Mean Absolute Deviation matters in math, so ___.Desviación media absoluta importa en matemáticas, entonces ___.
3. Sentence Types 4 ways to write a math idea
Tell one true fact about mean absolute deviation.Di un hecho verdadero sobre mean absolute deviation.
Mean absolute deviation ___.
Ask a question about mean absolute deviation.Haz una pregunta sobre mean absolute deviation.
How does ___ ?¿Cómo ___ ?
Show excitement about mean absolute deviation.Muestra entusiasmo sobre mean absolute deviation.
Wow, ___ !¡Guau, ___ !
Tell a partner what to do with mean absolute deviation.Dile a un compañero qué hacer con mean absolute deviation.
First, ___ .Primero, ___ .
4. Explain Your Reasoning use a sentence starter
The MAD shows ___.La DMA muestra ___.
The data is spread out because ___.Los datos están dispersos porque ___.
This matters when ___.Esto importa cuando ___.
Try It
Solve on your own. Check the answer key when you are done.
1. Team A has MAD = 2.1 points. Team B has MAD = 6.8 points. Which team is more consistent?

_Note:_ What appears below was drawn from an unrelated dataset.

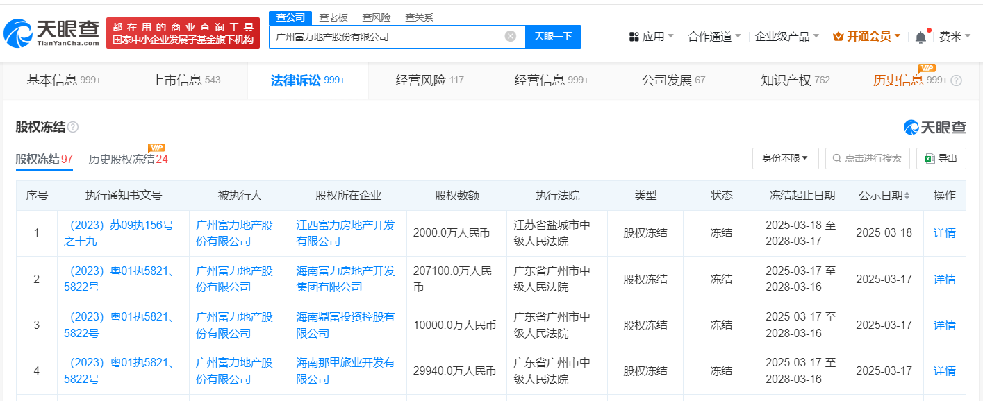 天眼查深度风险信息显示,近日,富力地产(HK.02777)新增4条股权冻结信息,股权所在企业分别为江西富力房地产开发有限公司、海南那甲旅业开发有限公司、海南鼎富投资控股有限公司、海南富力房地产开发集团有限公司,冻结股权数额合计24.9亿余元,冻结期限均为三年,执行法院为广东省广州市中级人民法院、江苏省盐城市中级人民法院。

- Team A — lower MAD means scores are closer to the mean
- Team B — higher MAD means better performance
- Both are equally consistent
- Cannot tell from MAD alone
2. Two runners have the same average time of 60 seconds. Runner A's MAD is 1.2 seconds. Runner B's MAD is 5.8 seconds. Which runner is the coach more likely to pick for a relay race that needs a reliable time?
- Runner A — lower MAD means more consistent times
- Runner B — higher MAD means faster potential
- Either — they have the same average
- Neither — MAD doesn't matter for relay races
Stretch Your Thinking Level 2 enrichment
Challenge task — explain your reasoning in full sentences.

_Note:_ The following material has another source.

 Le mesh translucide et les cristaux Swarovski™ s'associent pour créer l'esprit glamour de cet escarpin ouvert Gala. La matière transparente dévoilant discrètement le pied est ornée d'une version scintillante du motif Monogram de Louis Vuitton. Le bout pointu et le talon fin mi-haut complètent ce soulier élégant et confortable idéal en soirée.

Two basketball teams both average 75 points per game. Team A's last 5 scores: 73, 76, 74, 77, 75. Team B's last 5 scores: 60, 90, 65, 85, 75. Calculate the MAD for each team and explain which team a coach would prefer if they need predictable scoring.

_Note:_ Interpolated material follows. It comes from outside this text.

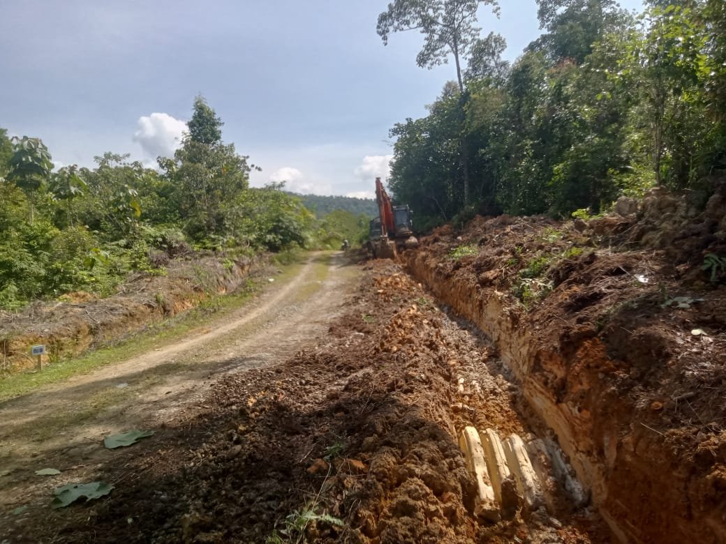 <p>Pekerjaan tidak berhenti pada pembentukan jalan saja. Satgas juga membuat parit di sepanjang sisi jalan sebagai saluran air. Drainase ini berfungsi menjaga stabilitas tanah agar tidak mudah terkikis.</p>

Sentence starter: Team A's MAD = ___. Team B's MAD = ___. Team A is ___ because ___. A coach would prefer Team ___ for predictable scoring because ___.
Reflect — Exit Ticket
Data set: 4, 8, 6, 10, 2. The mean is 6. What is the MAD?
- 2.4
- 6
- 0
- 12
Answer Key & Teacher Guide
- Try It 1: A. Team A — lower MAD means scores are closer to the mean — Lower MAD means less spread — Team A's scores stay closer to their average, making them more consistent.
- Try It 2: A. Runner A — lower MAD means more consistent times — Runner A's MAD of 1.2 means times are usually within 1.2 seconds of 60. Runner B's times vary more widely. For reliability, pick Runner A.
- Exit Ticket: A. 2.4 — Deviations: −2, 2, 0, 4, −4. Absolute deviations: 2, 2, 0, 4, 4. Sum = 12. MAD = 12 ÷ 5 = 2.4.
Writing (TWR) — what to look for
- Kernel sentence: A complete sentence needs a subject and a verb. Example: Mean Absolute Deviation is the average distance of each number from the mean.
- Expansion: because gives a reason, but shows a contrast or exception, so shows a result. Answers vary; each must keep the kernel idea and add the correct kind of detail.
- Sentence types: Statement ends with a period, question with "?", exclamation with "!", and a command starts with an action verb (a "bossy" verb).